■ EXERCISE ■
For this exercise, an exact copy is needed of only the lines from the one containing "表6 用户需求要素层次模型" through the end of the data, with pictures left out.

==== DATA FOR ANALYSIS ====

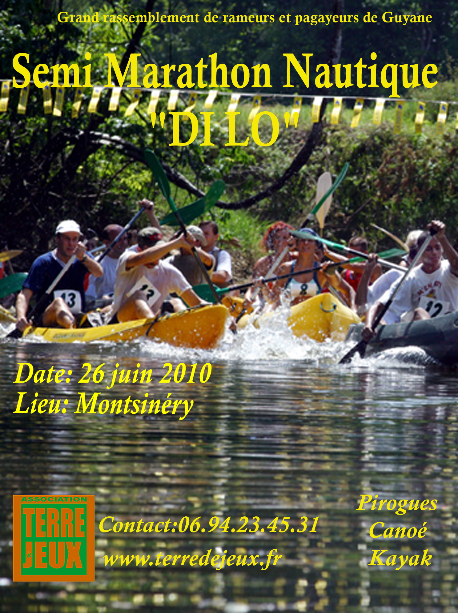Soumis par Didier le 25 mai 2010, 22:19TTerre de jeux innove encore, avec un nouveau défi pour tous les amateurs de pagaie: le 1er Semi-Marathon nautique en Guyane aura lieu au départ de Montsinéry le 26 juin.
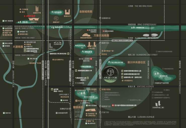 商业:约3KM内新川潮奢生活圈:西南首个万象天地(建设中)、文艺潮流MALL明日巴适、蓝润置地广场、远大购物中心等,畅享24H生活场景;约7KM内金融城商圈、环球商圈:银泰IN99、悠方购物中心、仁和新城购物中心、环球中心、SKP等,万象缤纷生活。
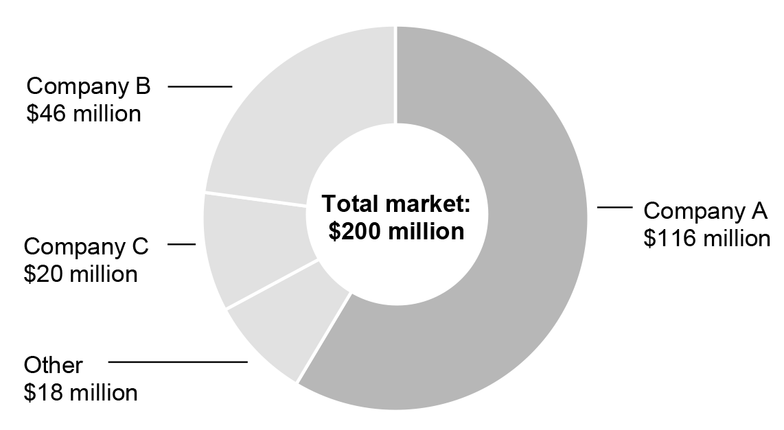 Don’t use a pie chart with more than five segments. If there are more than five, combine the smaller and less significant segments to create the fifth slice and label it “other”. Alternatively use a stacked bar chart instead.
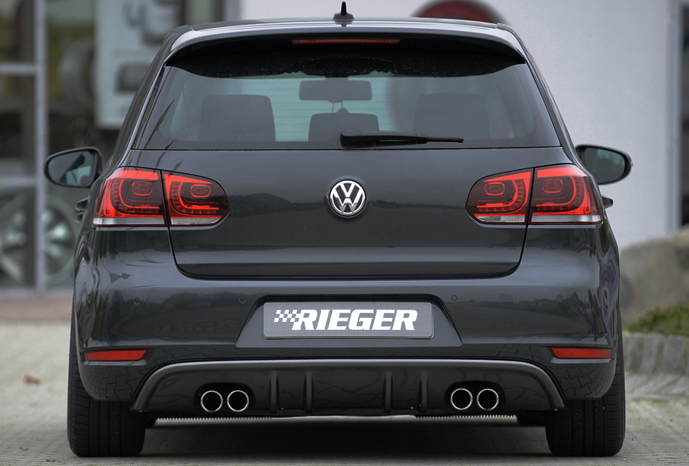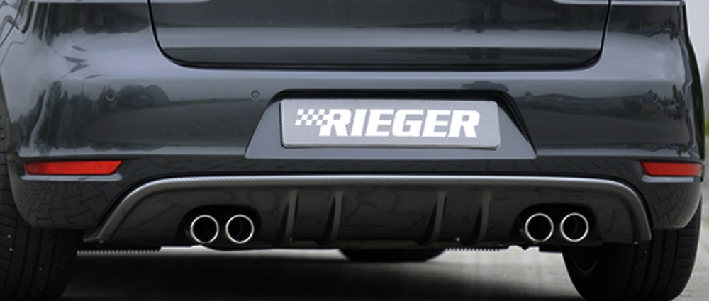 Der Rieger Heckeinsatz mit 2 Doppelfinnen ist die ideale Tuning-Ergänzung, um das Heckdesign Ihres Fahrzeugs sportlicher und markanter zu gestalten. Der hochwertige Heckeinsatz besteht aus robustem ABS-Material und überzeugt durch eine präzise Passform sowie lange Haltbarkeit. Passend für Fahrzeuge mit Doppelendrohr links und rechts, wird dieser Heckeinsatz inklusive Montagezubehör und Gutachten geliefert. Die Montage gestaltet sich unkompliziert und sorgt für ein perfektes Resultat direkt an Ihrem VW Golf 6 ab Baujahr 10/2008.
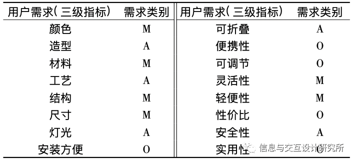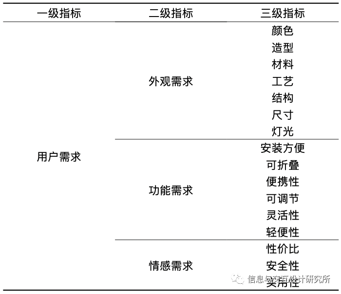 表6 用户需求要素层次模型
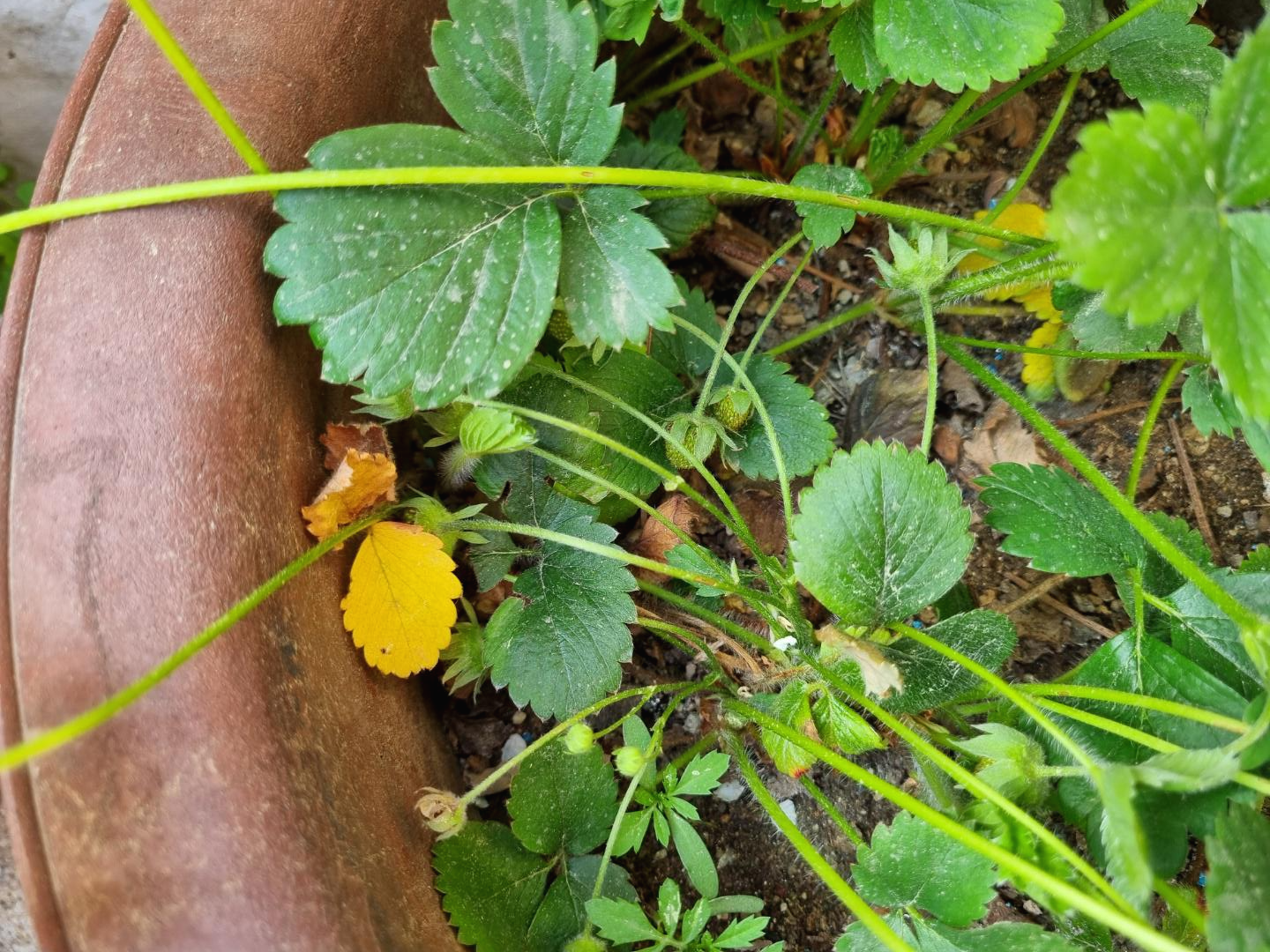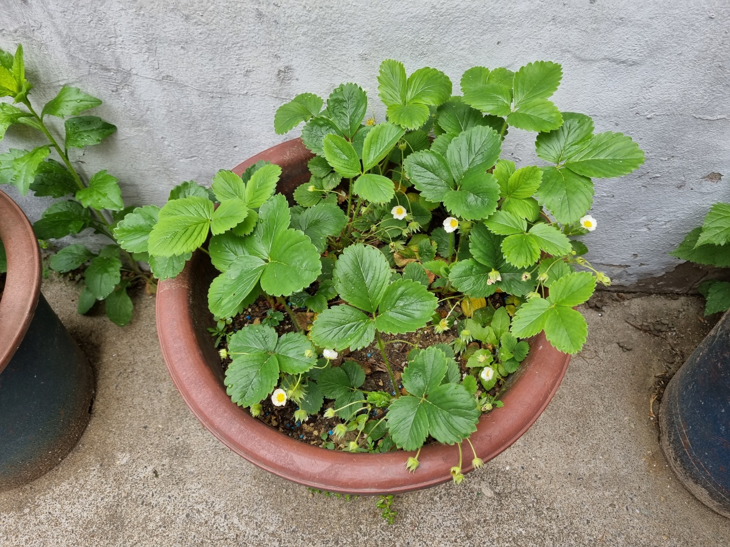 화분 딸기는 무럭무럭 잘 자라고 있다. 잎이 시들지도 않았으며 아주 파릇파릇하다.

====

■ FINAL ANSWER ■
 表6 用户需求要素层次模型
 화분 딸기는 무럭무럭 잘 자라고 있다. 잎이 시들지도 않았으며 아주 파릇파릇하다.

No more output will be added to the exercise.